Justizminister Heinz Georg Bamberger (SPD) sieht derweil eine wirkliche Einheit auf einem guten Weg: „Es gibt immer noch Unterschiede, aber es ist doch in einem großen Umfang zusammengewachsen.“ Er bezweifelt, dass heute die Unterschiede zwischen einem Bayern und einem Hamburger kleiner sind als die zwischen Nordrhein-Westfalen und Sachsen.

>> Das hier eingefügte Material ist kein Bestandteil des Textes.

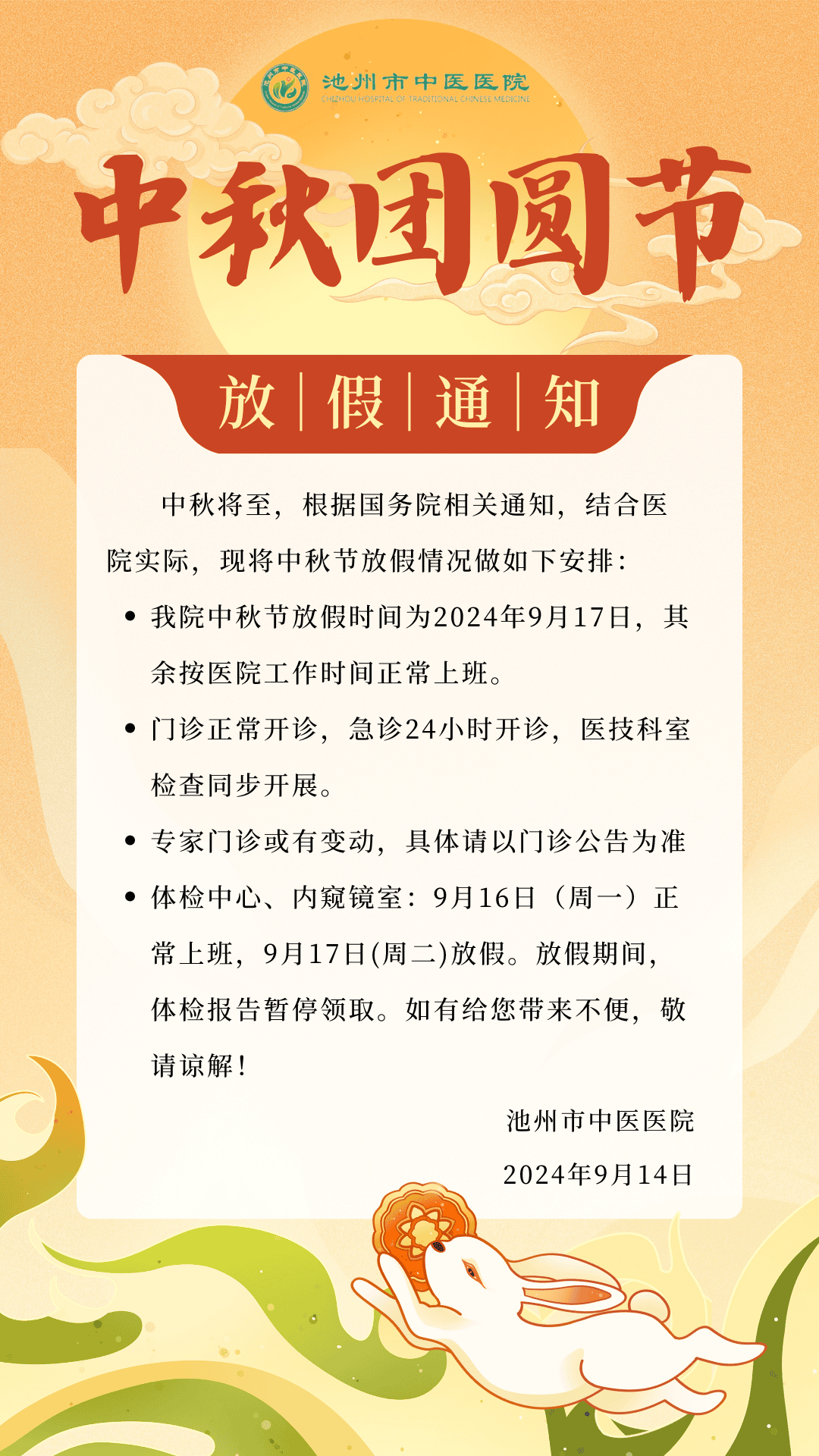 > 池州市中医医院2024年中秋节假期安排

Auch aus Sicht von Landtagspräsident Joachim Mertes (SPD) sind Ost und West „ein großes Stück zusammengewachsen, auch wenn es noch Ressentiments gibt“. So gebe es unter älteren Menschen im Westen noch die Ansicht, dass der Westen dem Osten in allem überlegen sei – mit Ausnahme des Sports. Durchaus gebe es noch unterschiedliche Mentalitäten, aber: „Insgesamt ist uns das mit dem Zusammenwachsen gut gelungen – man muss ja auch die Ausgangslage sehen“. Fazit: „Im Kern ist ein intaktes Deutschland entstanden.“

Auch nach Überzeugung von CDU-Fraktionschef Christian Baldauf wächst das deutsche Volk immer mehr zusammen. Besonders positiv äußerte sich Fernsehkoch Johann Lafer: „Ich bin ein optimistischer Mensch. Ich glaube dass Deutschland heute eine vereinte Nation mit regionalen Unterschieden ist, die es aber im Nord-Süd-Gefälle ebenso gibt wie im Ost-West.“

Und Schlagersänger Guildo Horn, gebürtiger Trierer, meint: „Wir können schon froh sein, dass wir uns gegenseitig haben.“ Dass die „meisten Wessis“ immer noch sagten: „Wir fahren in den Osten“ und umgekehrt, dass findet er auch nicht schlimm. „Das wird wohl noch einige Jahrzehnte dauern“.

Egal ob Ost und West aus Sicht der Befragten wirklich zusammengewachsen sind oder ob noch Probleme gesehen werden – bei allen Befragten herrscht bis heute die Freude vor, dass es zur Einheit kam. So meint Innenminister Karl Peter Bruch (SPD): „Die Einheit Deutschlands habe ich als tiefgreifendes, einschneidendes und freudiges Ereignis empfunden“.

Wie andere auch betonte Fernsehkoch Johann Lafer, ohne die Einheit „wäre ich um viele wunderbare Erfahrungen ärmer, die ich in Deutschlands Osten gemacht habe“. Und die CDU-Spitzenkandidatin für die Landtagswahl 2011, Julia Klöckner, betont, wäre es nie zur deutschen Wiedervereinigung gekommen, „hätte ich viele Freundschaften und auch viele Kollegen nicht, die ich sehr schätze“.